For this, I’ll use obj_watertiles. Add a Create event and put this code:

var w = camera_get_view_width(view_camera);
var h = camera_get_view_height(view_camera);
water_surf = surface_create(w, h);

Here, I’m creating a surface that is the size of the camera. If you’re using views, just replace those camera width/height functions with view_wview[0] and view_hview[0].

I’ll call this surface water_surf. We will draw our water tiles and the reflections onto it.

Then I’ll add the Draw Begin event and add this code:

if (!surface_exists(water_surf)){
    var w = camera_get_view_width(view_camera);
    var h = camera_get_view_height(view_camera);
    water_surf = surface_create(w, h);
}
else{
    surface_set_target(water_surf);
    draw_clear_alpha(0, 0);
    surface_reset_target();
}

This is nothing specific to this tutorial. This is just general stuff you should do for surfaces.

The first condition checks whether our water_surf surface exists, and if it does not, it creates it again. The three lines of code that follow are just from the Create event.

The else part runs if the surface exists. Here, the surface will be cleared. This is important, because the things you draw onto a surface aren’t removed, everything just stays there – so you manually need to clear it before drawing stuff onto it.

Now it’s time for the real thing. Add the Draw event and add this code:

//Get tilemap
var tilemap = layer_tilemap_get_id("WaterTiles");

//Set surface
surface_set_target(water_surf);

//Draw tilemap
var cx = camera_get_view_x(view_camera);
var cy = camera_get_view_y(view_camera);
draw_tilemap(tilemap, -cx, -cy);

//Reset surface
surface_reset_target();

//Draw surface in game
draw_surface(water_surf, cx, cy);

Get tilemap:

This part gets the tilemap from the original layer that contains the water tiles, the one which is invisible.

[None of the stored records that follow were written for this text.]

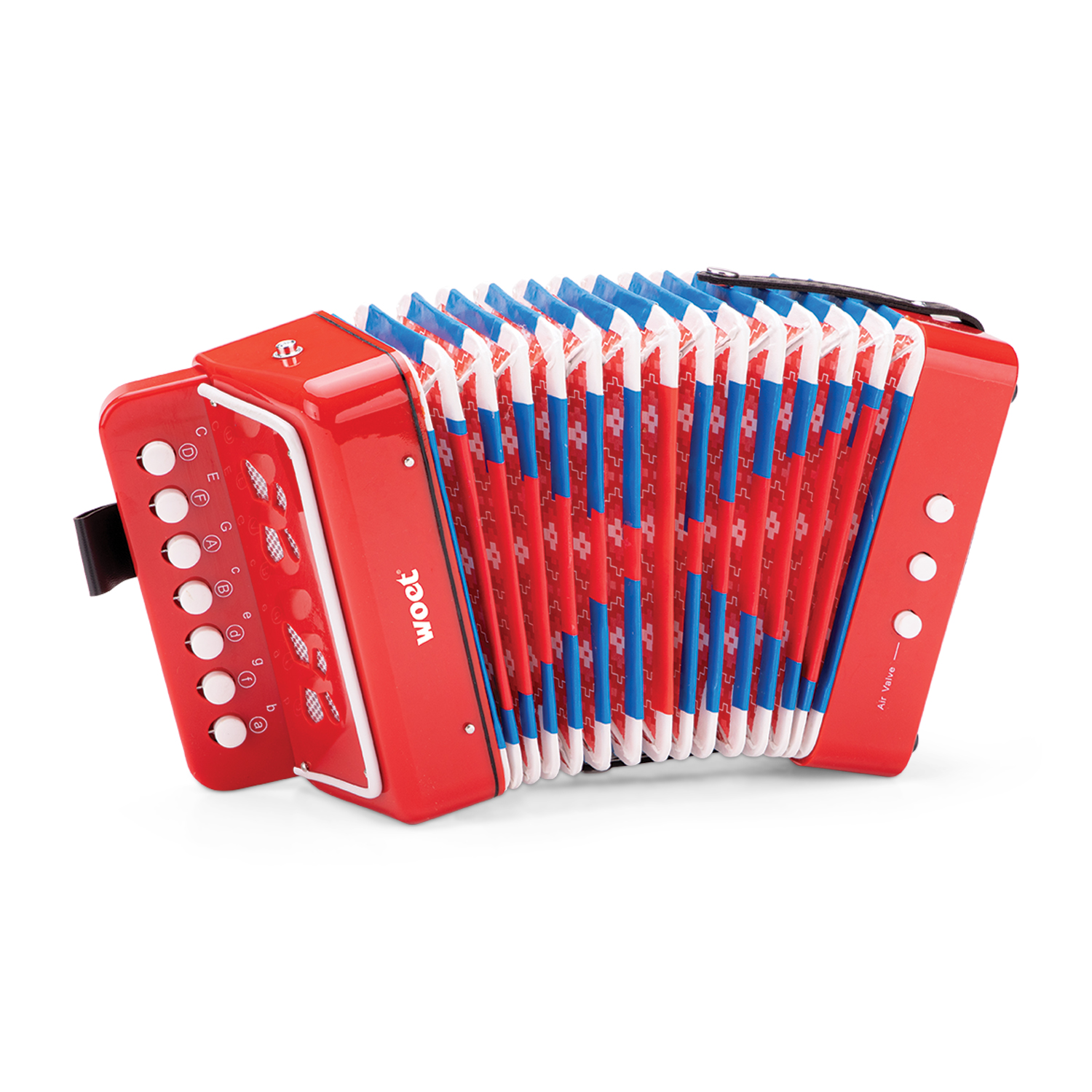 This toy accordion from Woet® is a fantastic way to introduce little ones to the wonderful world of making music. Perfect for encouraging melody makers, or just having fun making lots of noise. This scaled-down toy version of a real accordion features a classic design with a bright and colorful finish. It has two bass buttons, one bass side air button and seven treble in C.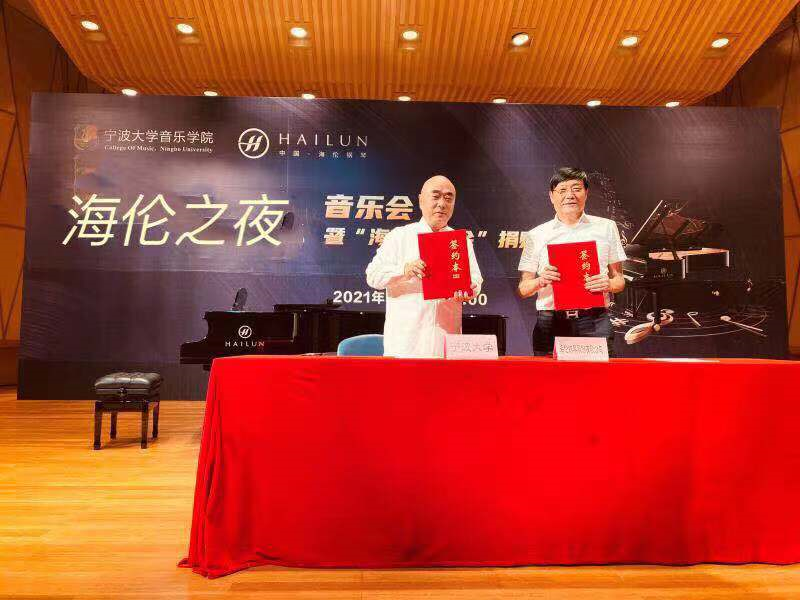 寧波大學音樂學院俞子正先生與海倫鋼琴股份有限公司董事長陳海倫先生簽訂捐贈協議,由寧波大學副校長趙全軍先生向海倫鋼琴股份有限公司董事長陳海倫先生頒發捐贈證書。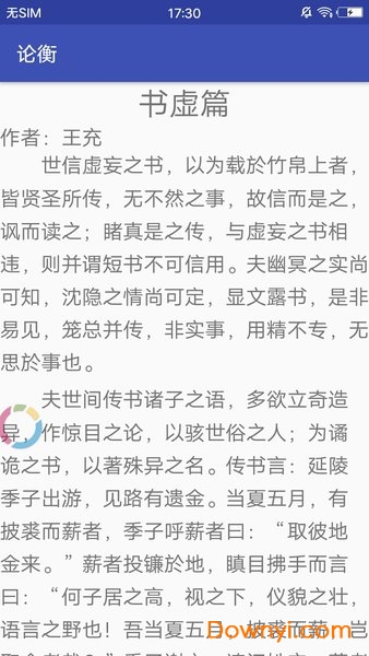 论衡手机版是一款非常不错的书籍阅读软件,里面收录了论衡的古典文学著作,让喜欢古典文学的朋友可以在里面免费阅读;内容非常的齐全,阅读界面也是非常的干净简洁,很是不错。欢迎大家来体验!

So you need to specify its name in the function argument, which in my case is “WaterTiles” (You can see it in the screenshots above). Then it is stored in a variable, which I’m calling tilemap.

Set surface:

Here I’m making the water_surf surface the target for further drawing functions, so everything after this will be drawn onto that surface.

Draw tilemap:

For drawing the tilemap onto the surface at the correct position, I first need to get the position of the camera, and store it in variables.

If you’re using views, use view_xview[0] and view_yview[0] to get the view position.

Then I’m drawing the tilemap using draw_tilemap, at position (-cx, -cy,) so that the tilemap is drawn at (0, 0) inside the room. (Because normally, (0, 0) would be the top-left corner of the surface, not the room).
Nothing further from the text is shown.